Source data
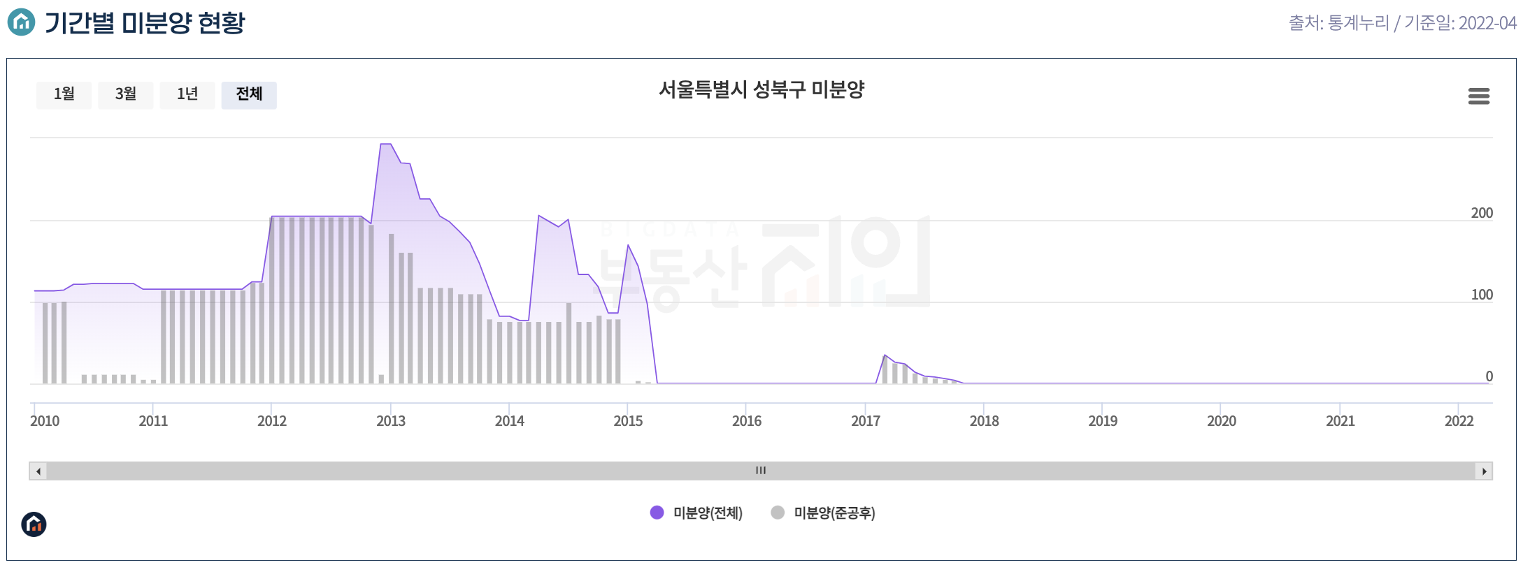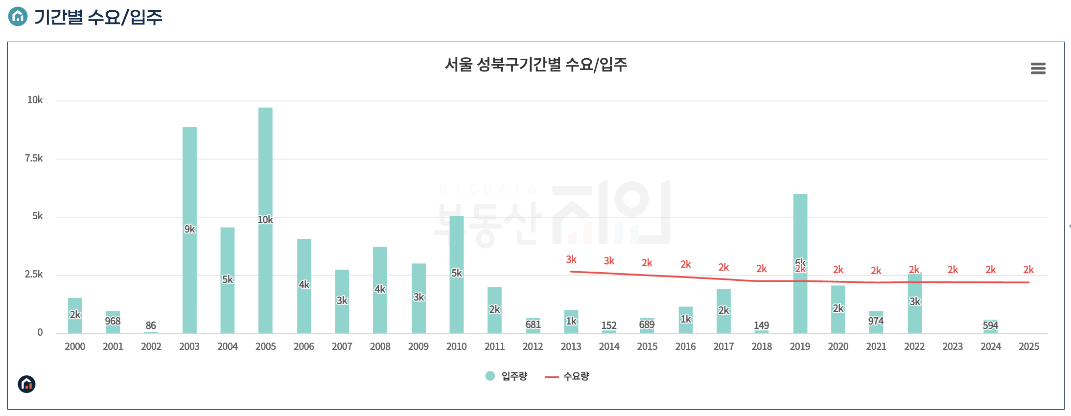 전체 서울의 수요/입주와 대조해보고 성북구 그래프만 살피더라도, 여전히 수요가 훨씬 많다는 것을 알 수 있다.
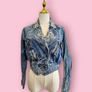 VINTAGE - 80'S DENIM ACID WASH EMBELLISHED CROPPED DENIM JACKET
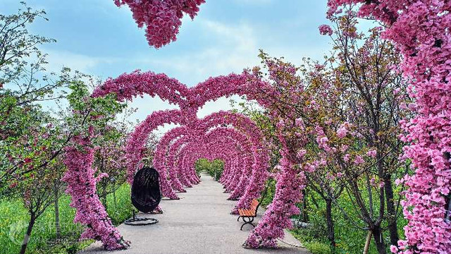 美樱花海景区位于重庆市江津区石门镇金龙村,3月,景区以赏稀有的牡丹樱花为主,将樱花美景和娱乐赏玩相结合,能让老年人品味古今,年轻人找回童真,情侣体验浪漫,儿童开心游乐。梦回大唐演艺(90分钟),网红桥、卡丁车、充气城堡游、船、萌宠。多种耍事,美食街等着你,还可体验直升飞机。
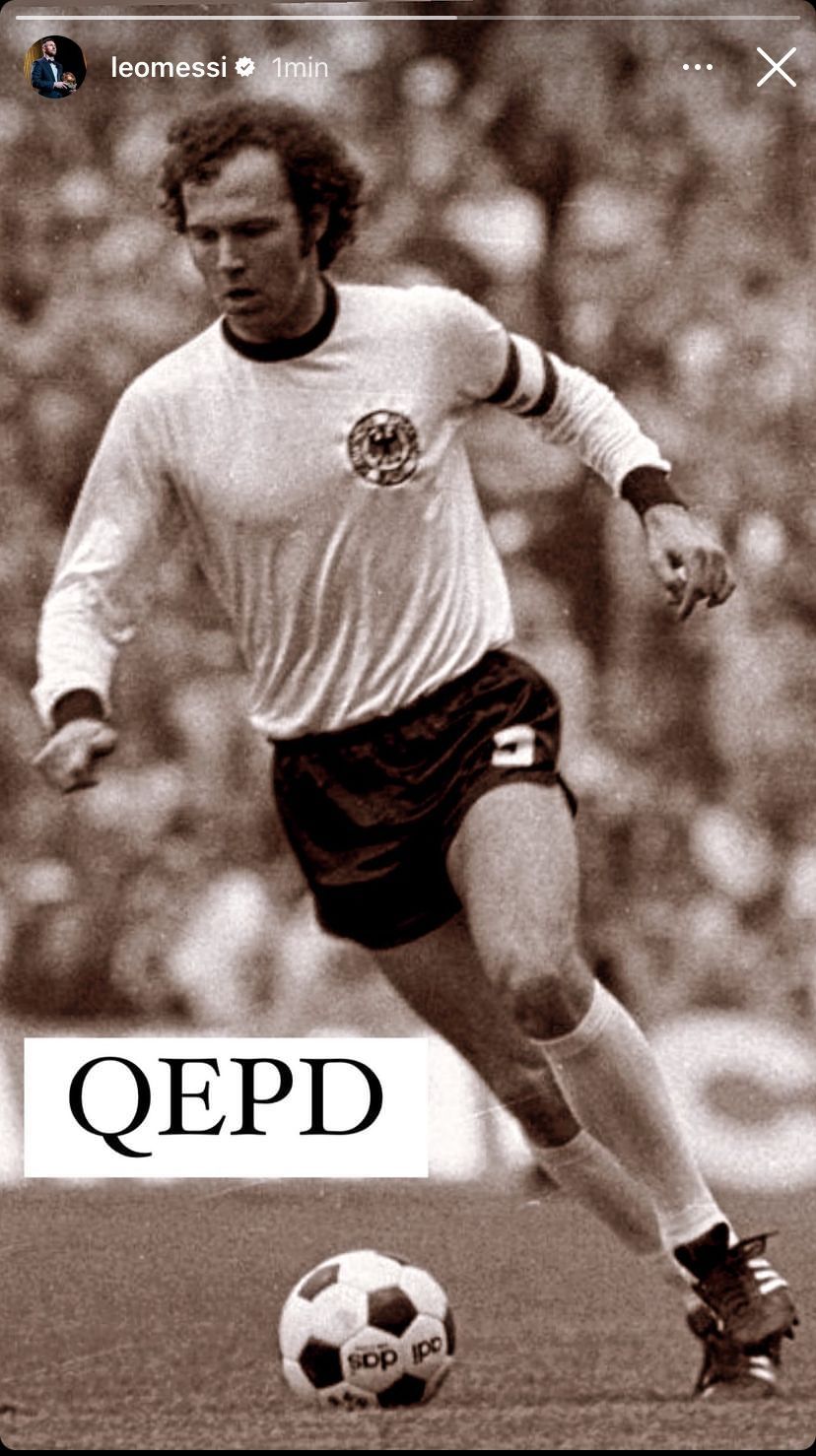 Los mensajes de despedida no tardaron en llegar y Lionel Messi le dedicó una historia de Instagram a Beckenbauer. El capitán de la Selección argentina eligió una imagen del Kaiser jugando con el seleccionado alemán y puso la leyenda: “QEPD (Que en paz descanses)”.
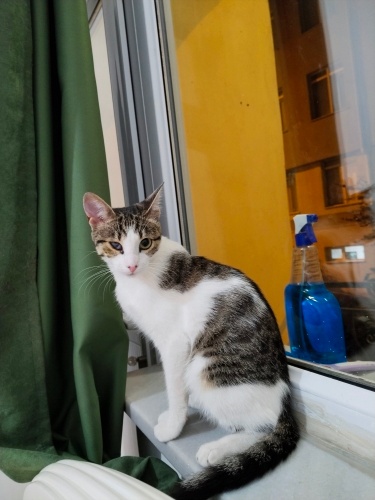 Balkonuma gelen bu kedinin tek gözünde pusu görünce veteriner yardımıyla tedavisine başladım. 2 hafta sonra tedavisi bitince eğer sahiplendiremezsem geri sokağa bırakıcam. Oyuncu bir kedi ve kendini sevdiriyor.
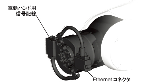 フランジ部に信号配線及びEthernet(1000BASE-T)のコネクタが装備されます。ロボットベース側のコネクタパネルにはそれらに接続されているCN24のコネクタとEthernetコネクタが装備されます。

_How to complete this task_
Copy exactly the lines from the line that contains "Balkonuma gelen bu" through the last line of the records above, both ends included, but leave out the pictures.

_Answer space_
 Balkonuma gelen bu kedinin tek gözünde pusu görünce veteriner yardımıyla tedavisine başladım. 2 hafta sonra tedavisi bitince eğer sahiplendiremezsem geri sokağa bırakıcam. Oyuncu bir kedi ve kendini sevdiriyor.
 フランジ部に信号配線及びEthernet(1000BASE-T)のコネクタが装備されます。ロボットベース側のコネクタパネルにはそれらに接続されているCN24のコネクタとEthernetコネクタが装備されます。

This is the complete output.